I'm building a barebones gaming lappy and need to decide on a wifi card to go with.  I needs to know what wifi card has great support with linux, that isn't an intel wireless n card.  I here Atheros cards do really well, would a macbook wifi card work with my lappy?  any input on the whole wifi situation would be most appreciated.


----------



## Stephen (Jan 12, 2009)

I have a TP-Link tl-wn321g usb one and it works fine in Kubuntu


----------



## AsphyxiA (Jan 12, 2009)

what chipset is it using? ill be using gentoo so I need to know what driver support to build into my kernel.


----------



## AsphyxiA (Jan 12, 2009)

started looking up stuff for Ralink came up with this chipset: Ralink RT2880.  anyone used it?


----------



## Stephen (Jan 12, 2009)

AsphyxiA said:


> what chipset is it using? ill be using gentoo so I need to know what driver support to build into my kernel.



rt73

It works out of the box on any ubuntu 8.10 distro and opensuse 11.1. They're the only new ones I've tried.


----------



## mab1376 (Jan 12, 2009)

I've always had great compatibility with Intel cards on multiple distros (2200BG and 4965AGN)


----------



## AsphyxiA (Jan 12, 2009)

yes, intel has had some great stuff in the past but theyre wireless n cards are known to drop out often.  Even the card on my girlfriends lappy dosen't like to connect or stay connected to the router when others will. 

is the rt73 an n based chipset?


----------



## mab1376 (Jan 12, 2009)

why don't you try using a windows driver with ndis wrapper with whatever cards you have now?
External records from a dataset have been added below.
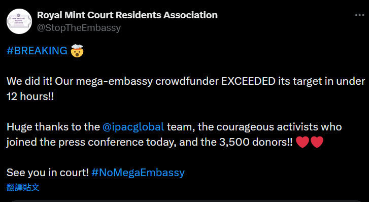 隨着英國政府正式對中國駐英「超級大使館」規劃「開綠燈」,規劃選址所在的舊皇家鑄幣廠居民協會宣佈正式啟動眾籌,將入稟法院尋求申請司法覆核推翻工黨政府決定,現時已經發現至少有4個可以挑戰的法律角度,最終在政府公佈決定後不足12小時就達標。有正被港府懸紅通緝的在英港人形容,當局的決定將縱容更多中共干預、滲透,國會議員亦形容英國在地緣政治上正陷險境。
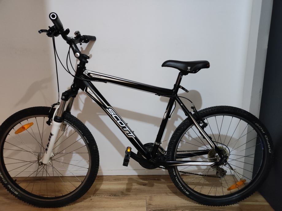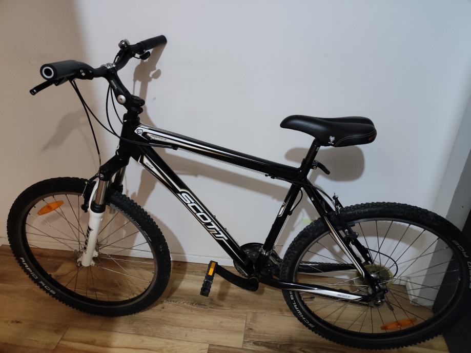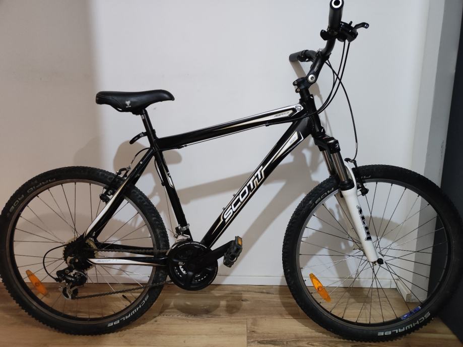 Prodajem MTB bicikl Scott Aspect u crnoj boji. Radi se o modelu s okvirom veličine L (48-52 cm) i kotačima od 26 inča. Okvir je aluminijski.
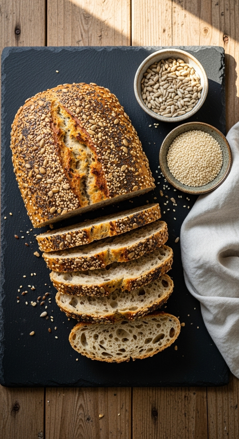 Use for hearty sandwiches like grilled chicken or hummus and roasted veggies. Add microgreens for freshness. Store in an airtight bag for 2–3 days or freeze slices. Make double batches and freeze for weekly lunches.
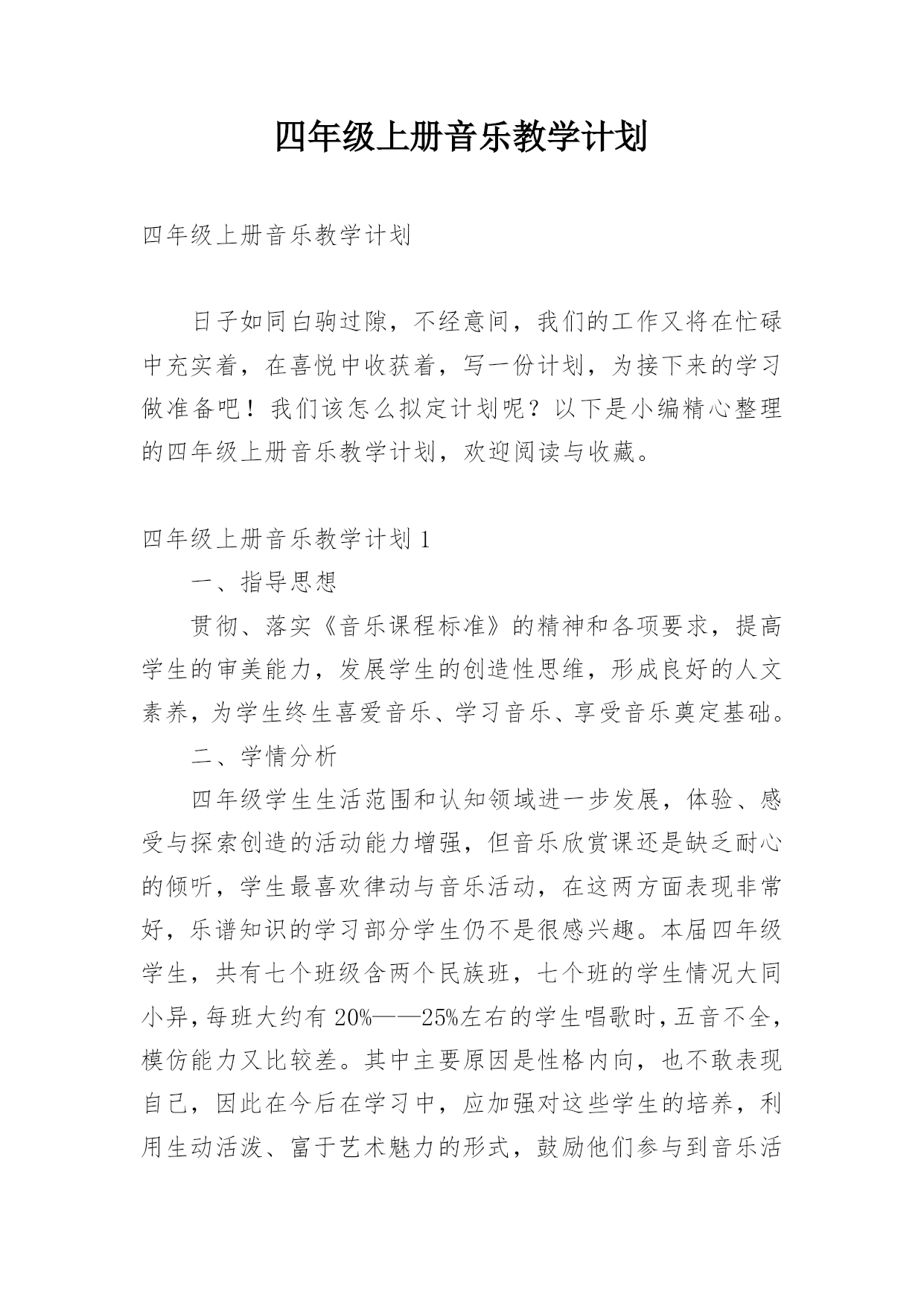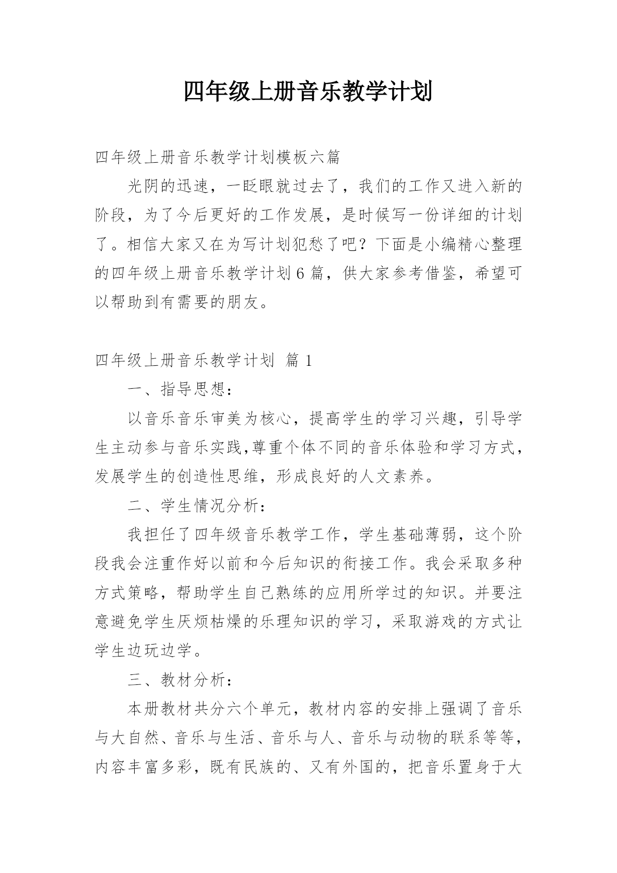 四年级上册音乐教学计划四年级上册音乐教学计划模板六篇光阴的迅速,一眨眼就过去了,我们的工作又进入新的阶段,为了今后更好的工作发展,是时候写一份详细的计划了。相信大家又在为写计划犯愁了吧?下面是小编精心整理的四年级上册音乐教学计划6篇,供大家参考借鉴,希望可以帮助到有需要的朋友。四年级上册音乐教学计划篇1一、指导思想:以音乐音乐审美为核心,提高学生的学习兴趣,引导学生主动参与音乐实践,尊重个体不同的音乐体验和学习方式,发展学生的创造性思维,形成良好的人文素养。二、学生情况分析:我担任了四年级音乐教学工作,学

http://sourceforge.net/projects/ndiswrapper/


----------



## AsphyxiA (Jan 12, 2009)

i have not had a whole lot of luck with the wrappers plus there are a lot of supported wifi cards out there.  I think I might just go with either Atheros or Ralink based card.  Ralinks probably on the top of the list.


----------



## Solaris17 (Jan 13, 2009)

iv had alot of luck with ralink cards.


----------



## AsphyxiA (Jan 13, 2009)

yeah the more and more i hear about them, the more i want to get one.  Oh and by the way In Flames is the shit, but I bet I've loved in flames the longest Mikael is the shit as well


----------